Był zbyt blisko! Poczułam się niepewnie. Zerwałam się szybko z miejsca i nie patrząc na niego zaczęłam zbierać wszystko z powrotem do apteczki.
- Nie masz mi za co dziękować. Mika zrobiłaby to lepiej. - Jak tylko apteczka była zamknięta ja odwróciłam się w jego stronę. - To idziemy?
Kiwnął mi głową. Jego spojrzenie znowu było zagadkowe. Nic nie mogłam z tej zimnej twarzy wyczytać, za to on pewnie na mojej widział zawstydzenie i przerażenie jednocześnie. Gdy stanęliśmy przy drzwiach odwróciłam się w jego stronę. Teraz najtrudniejszy moment. Jaką cenę przyjdzie mi zapłacić za jego milczenie?
- Itachi, ja… - Nie wiedziałam jak w ogóle ubrać to w słowa. Głowy nie podniosłam.
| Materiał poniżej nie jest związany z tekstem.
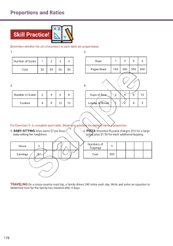 For Exercises 5–6, complete each table. Determine whether the pattern forms a proportion
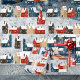 Uma corrida feita à mão na cena de uma aldeia de montanhas de inverno, ao lado das montanhas nórdicas, com raposas vermelhas itinerantes.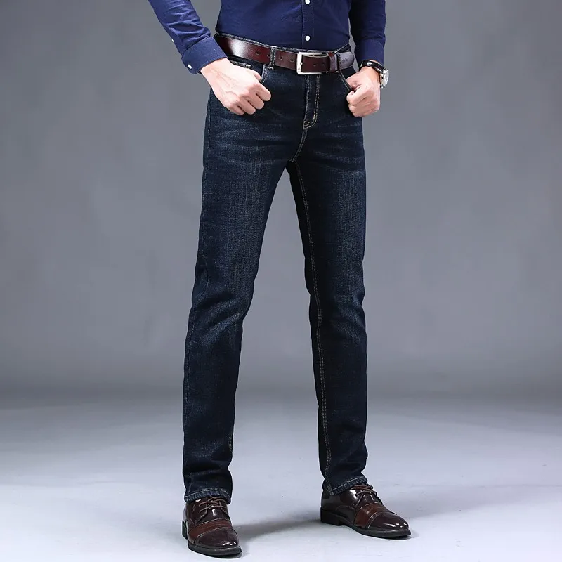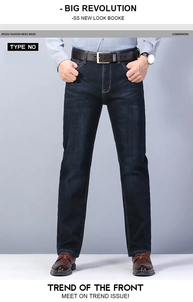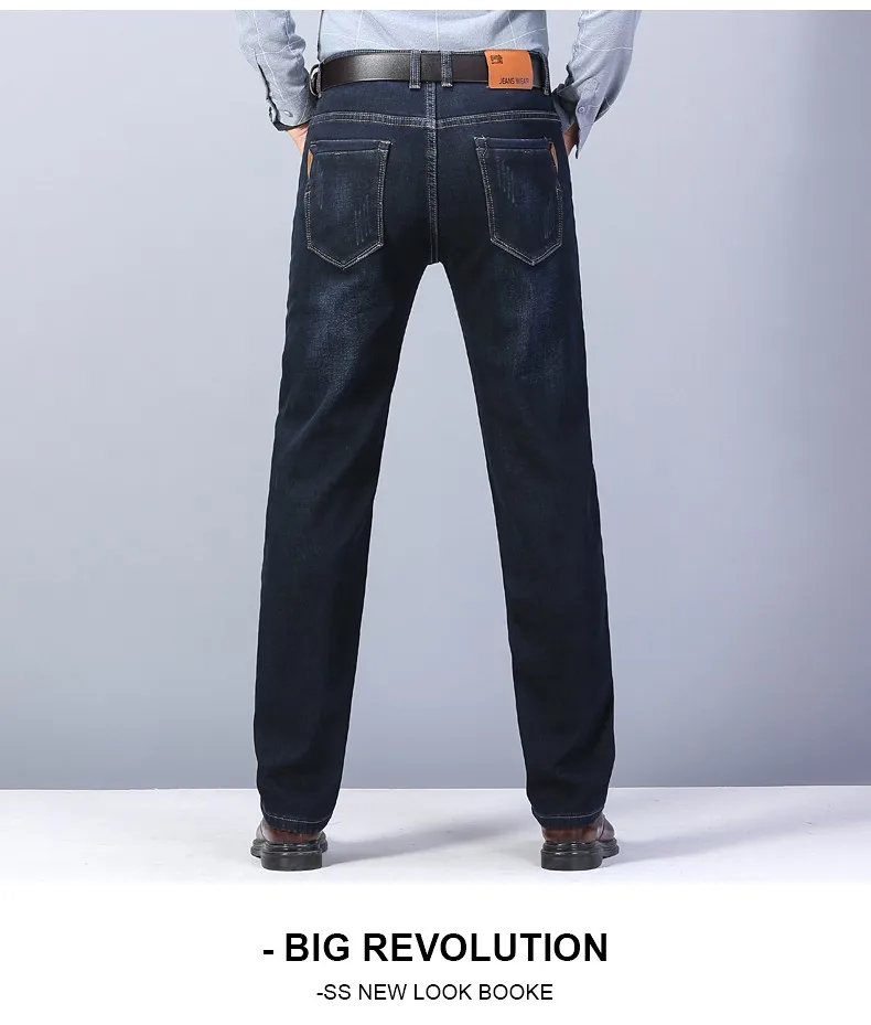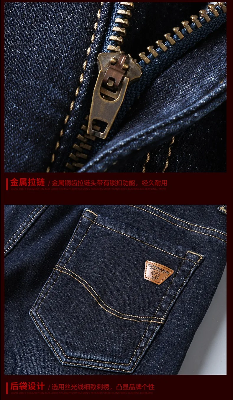 Мужские теплые джинсы, темно-синие прямые повседневные джинсы из фл...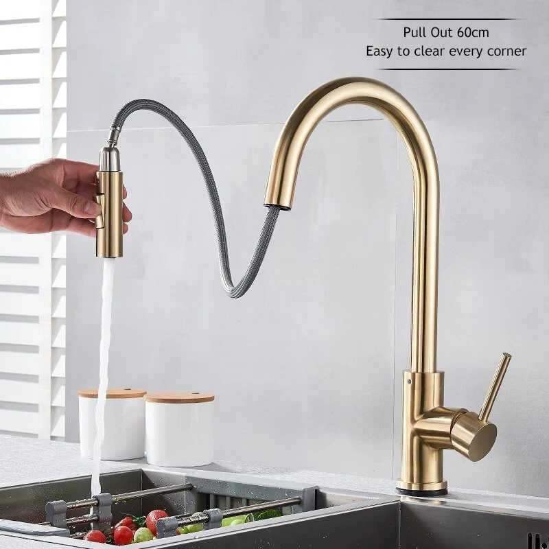Brushed Gold Pull Out Touch Sensor Kitchen Faucet 360 Rotation Smart Kitchen Faucet Sensor Tap Faucet Single Handle Mixer Tap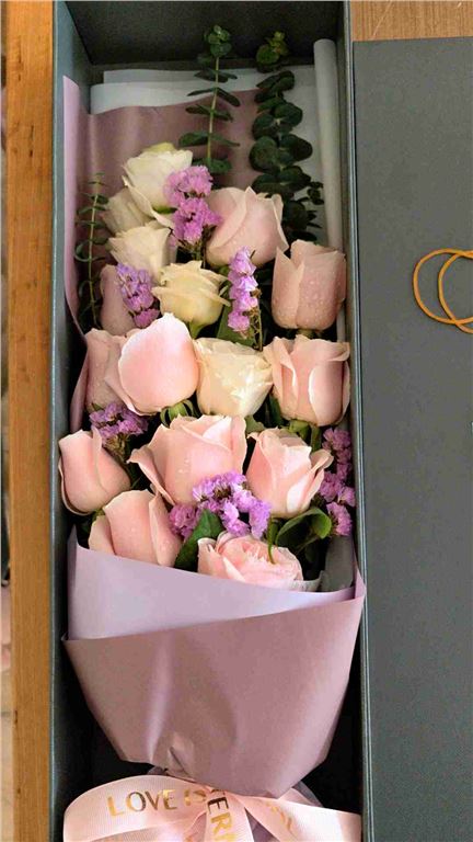 准时送达 ,花很漂亮,礼品盒包扎的非常细致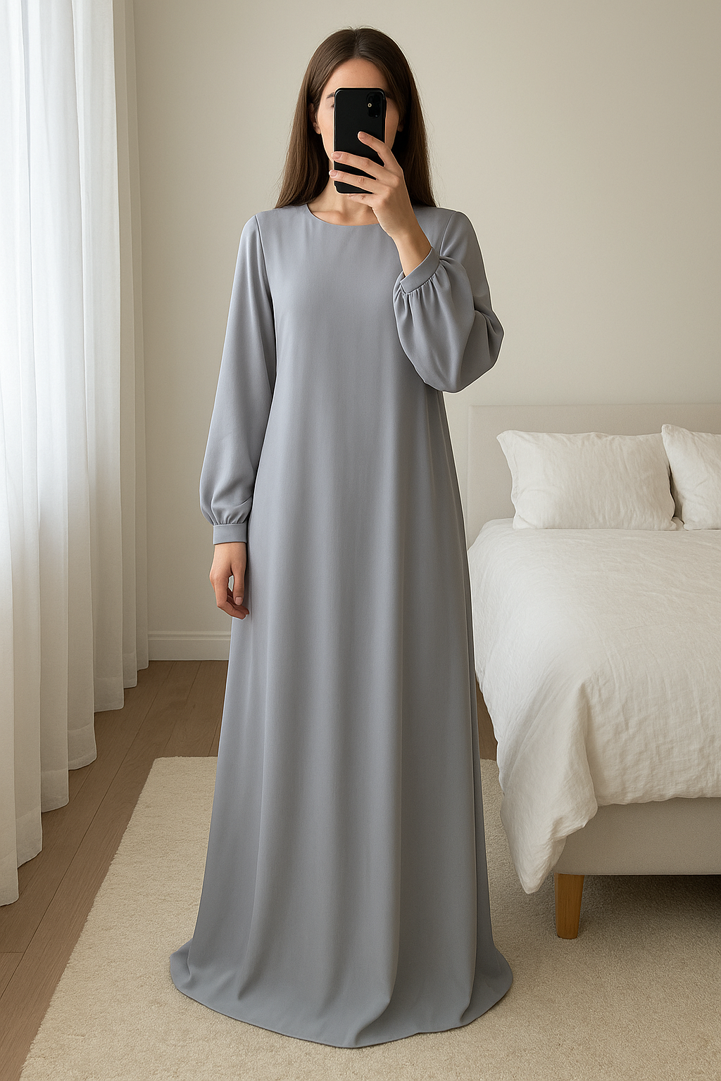 abaya debout, face à la caméra, dans une chambre à la lumière douce, avec une lumière naturelle filtrant par la fenêtre.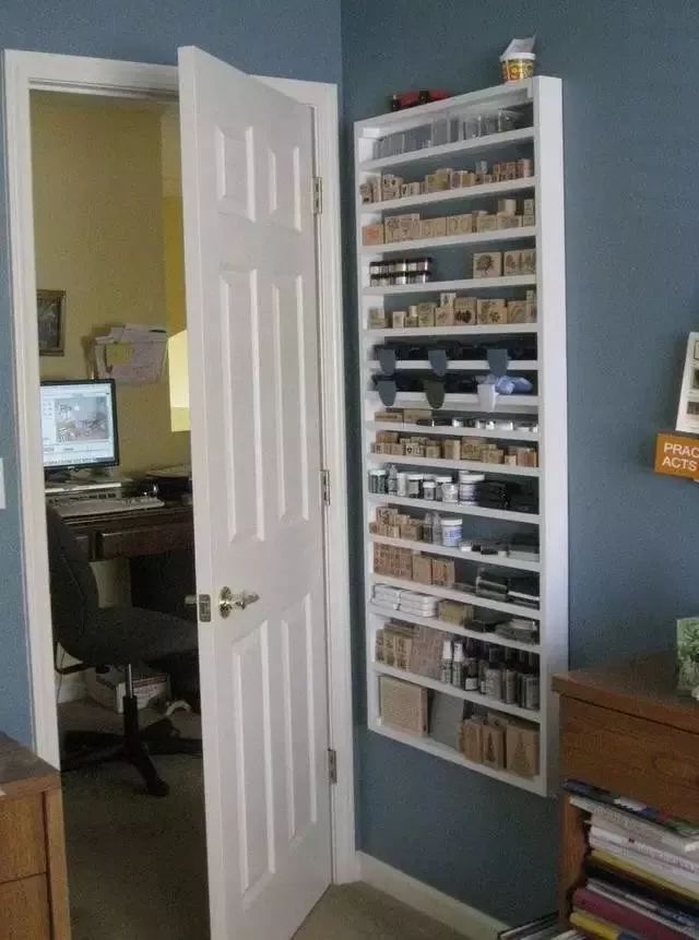 或者是直接在门后的墙面做一个置物架,稳固、不会撞到是重点,毕竟谁也不想东西摆上去天天都会掉下来~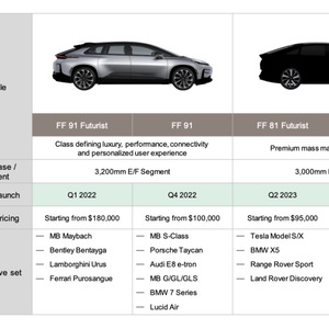 从FF的三款产品规划来看 ,FF 81起售价为59,000美元,对标蔚来ES8,宝马5系。FF 71则面向大众市场,起售价为45,000美元,对标Model 3/Y 。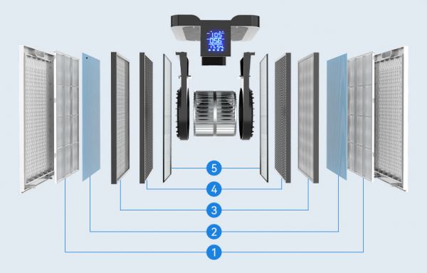 第五层纳米光触媒涂层滤芯:能够持续不断的净化甲醛/苯/TVOC等有害气体。双涡轮过滤系统,层层递进,提供高达10层过滤,让健康清新的空气覆盖整个家。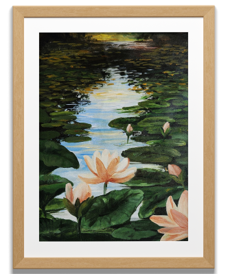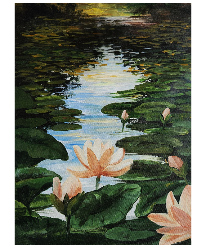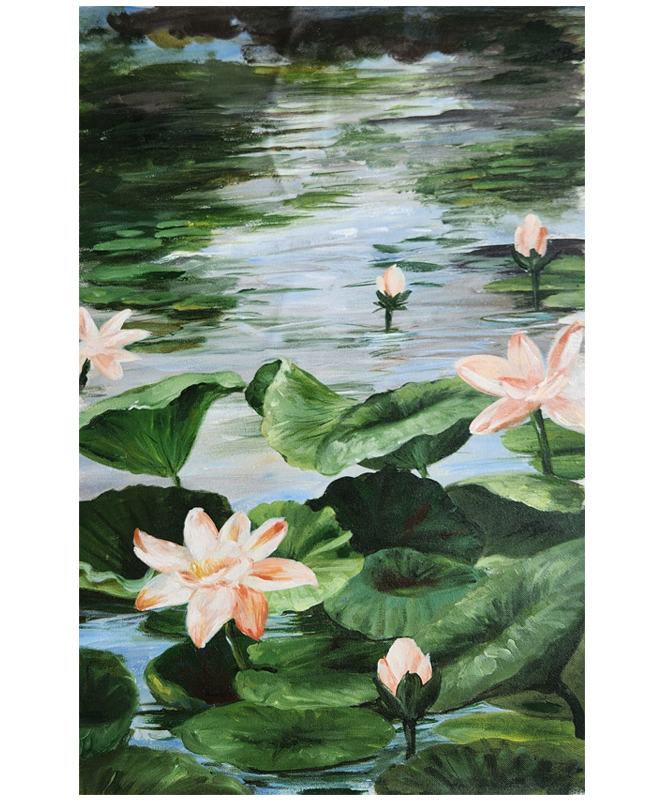 A tranquil oil painting of blooming water lilies floating on a serene pond, rendered in original mineral pigments.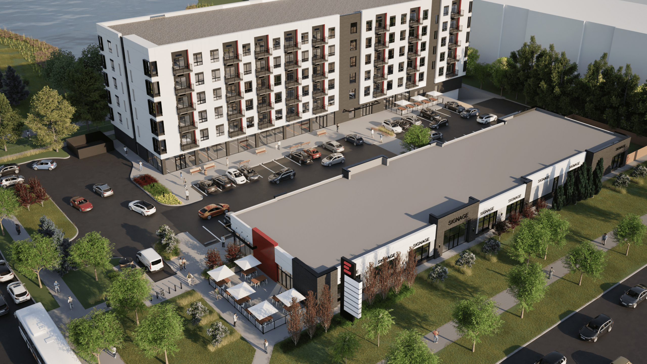 The site offers desirable frontage and exceptional exposure for CRUs, and backs onto green space and a pond with pedestrian walking trails. Future tenants include a medical clinic and pharmacy, dental clinic, nail salon, Vietnamese restaurant, and daycare, and will be well supported by the six-storey apartment building on the site.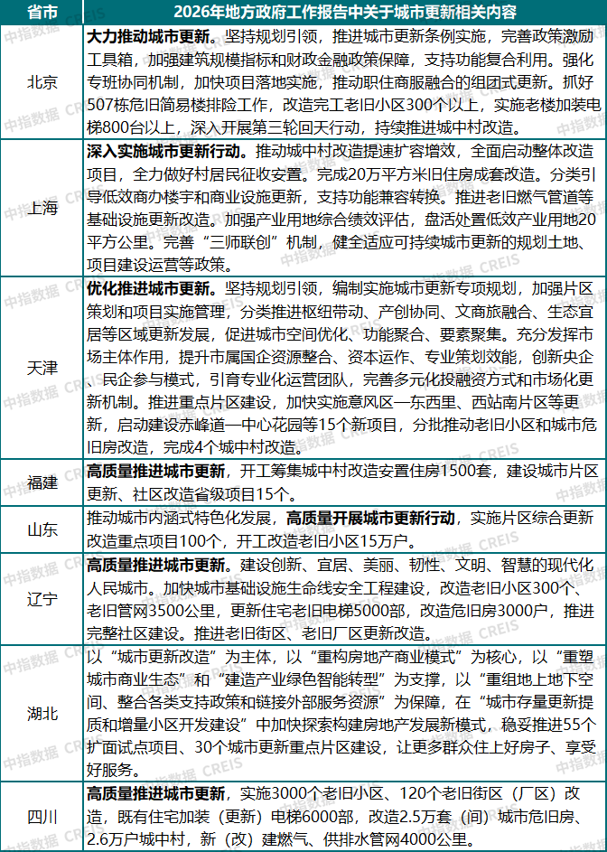 表:2026年部分省市政府工作报告中关于城市更新相关内容表述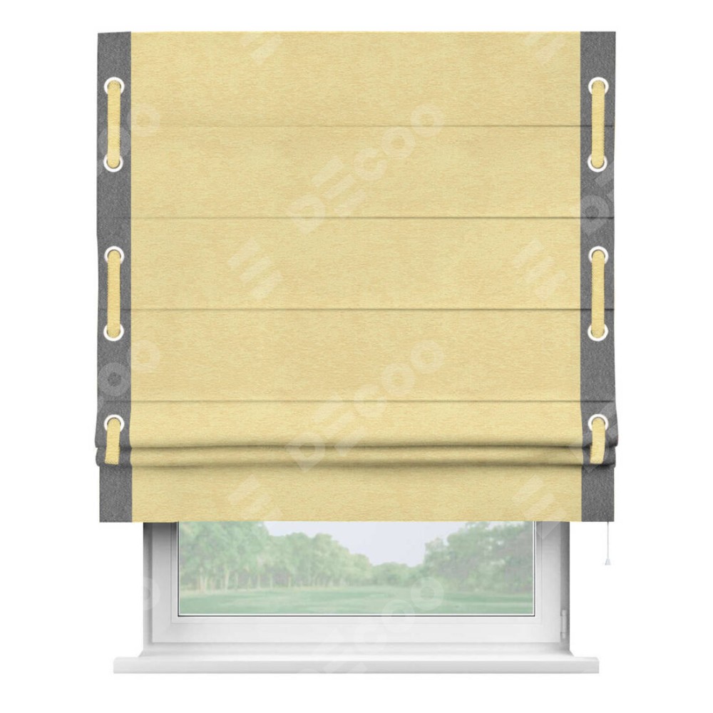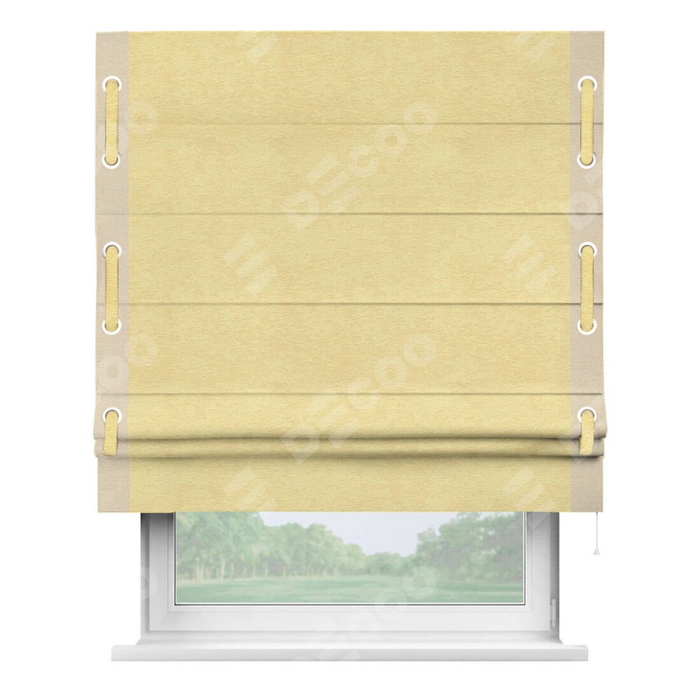 Римская штора производителя «Cortin», используется для проёма, пошита из ткани софт однотонный золотой, артикул 42934. Отделка шторы кантом «Стрим Дуо» на кантах расположены люверсы с пояском, ткань для канта используется из софта разной расцветки на выбор. Ткань для пояска обычно используется из основной ткани шторы, а так же можно сделать из любой расцветки по желанию. Имеет универсальный механизм и подходит для монтажа: на потолок, на стену и в нишу.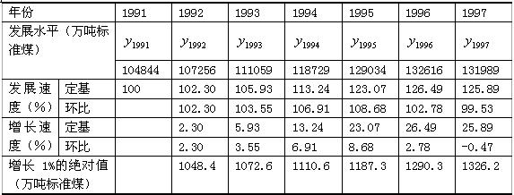 例9 我國(guó)1991-1997年能源生產(chǎn)量列于表3-12,根據(jù)這些資料計(jì)算的發(fā)展速度、增長(zhǎng)速度及增長(zhǎng)1%的絕對(duì)值也列于該表中。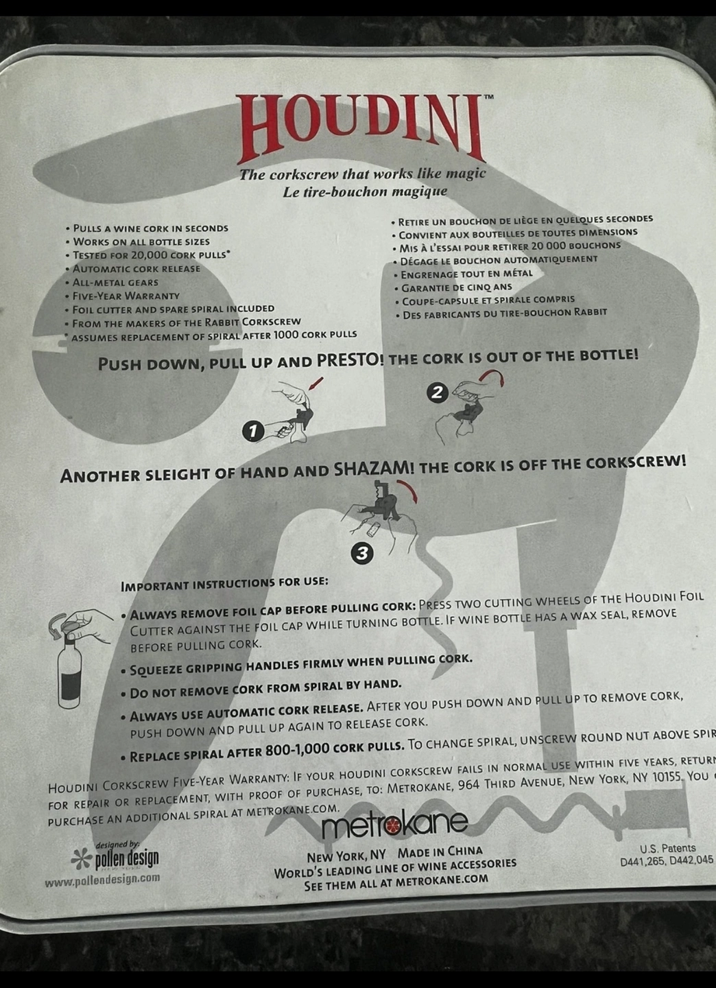 1000+Brand new. Black Houdini Lever Corkscrew with Foil Cutter. Comes with spare spiral. Pick up close to Yorkdale mall #Christmas gift #thrifty finds #under $30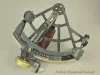 One U.S. Maritime Commission stadimeter (sextant type). The instrument has a varnished wood handle, a brass frame that is painted black, and glass lenses/mirrors. Graduation marks (in feet) are shown in white along the lower arc of the frame. A metal label on the upper part of the radius arm shows "Stadimeter, U.S. Maritime Commission, Ser. No. 2549-1942. Schick, Incorporated, Stamford, Conn., U.S.A." The instrument is contained in a square-shaped box that is made of teak wood. The box has brass hinges, two brass latches, and a brass handle. A metal label above the handle shows "Stadimeter, U.S. Maritime Commission, Mfd. By Schick Incorporated, Stamford, Conn., U.S.A." The number, "2549," is handwritten in black ink on the top of the box. The number, "72.012," is carved in the wood panel on the hinge side of the box. An "Operating Instructions" sheet is glued to the inside top panel of the box.

Cały czas mam problem z patrzeniem na niego. - Ja chciałabym cię prosić, abyś nie mówił Takako o tym co się stało.
Ponownie wykonał ten sam gest co przed chwilą. Podniósł moją głowę w górę, abym na niego spojrzała. Czy on konkretnie do czegoś zmierza?
- To nie będzie konieczne. Potrafię przyznać się do błędu. - Uśmiechnął się do mnie tak jakby chciał mi powiedzieć, że mam się nie martwić. - Nie pozwolę, aby Rambo został uśpiony przeze mnie.
- Dziękuję. - To nie możliwe! On nic nie chce w zamian? Niech tylko Kiba o tym usłyszy.
Staliśmy tak jeszcze przez jakiś czas. Jego oczy nie wydawały się takie przerażające jak zakładałam. Wyglądało jakby chciał coś powiedzieć, ale powstrzymywał samego siebie przed tą czynnością. W mojej głowie coraz głośniej huczało pytanie: Czy ty wiesz, że to ja? Chciałabym poznać odpowiedź, ale tak by nie pociągnęła za sobą dalszych pytań. Jego spojrzenie z każdą chwilą stawało się coraz bardziej nieodgadnione, a on powoli zaczął zmniejszać dzielący nas dystans. Gdy był już zbyt blisko, a moje serce zaczęło niepokojąco łomotać w klatce piersiowej, wyrwałam się z transu. Szybko odwróciłam się w stronę drzwi.
- Chodźmy już. - Właściwie to wyszeptałam te słowa.
Oddech miałam nierówny. Czy on czasem nie chciał mnie pocałować? Nie odezwał się, pewnie czekał na mój ruch. Uchyliłam drzwi i wyszłam na korytarz. Po tym co się stało byłam zbyt nieprzytomna. Przede mną wyrosła, jak z podziemi, postać szefowej schroniska. Spojrzała na mnie i z uniesionymi brwiami lustrowała apteczkę, którą miałam w rękach. Jej spojrzenie przeniosło się na opatrunek na ręku Uchihy.
- Co mu się stało? - Od razu dało się odczuć, że ma kiepski nastrój.
- To nic takiego, niezdara ze mnie. - Itachi sam odpowiedział z uśmiechem, ale ona patrzyła na mnie.
- Nie ciebie się pytam! Hinata, co mu się stało?
- Przewrócił się. - Tylko to przyszło mi na myśl. Nie zakładałam, że ją spotkamy, nie przygotowałam sobie żadnej alarmowej wymówki.
- Rambo go ugryzł? - To chyba nie było pytanie. Bardziej brzmiało jakby to stwierdziła.
- Nie! Przewrócił się. - Starałam się powiedzieć pewniej, aby mi uwierzyła.
- Ty nie umiesz kłamać. Wiesz co to oznacza, prawda? Obiecywałaś, że to się już nie powtórzy. Czas aby zwolnił miejsce dla innego zwierzaka.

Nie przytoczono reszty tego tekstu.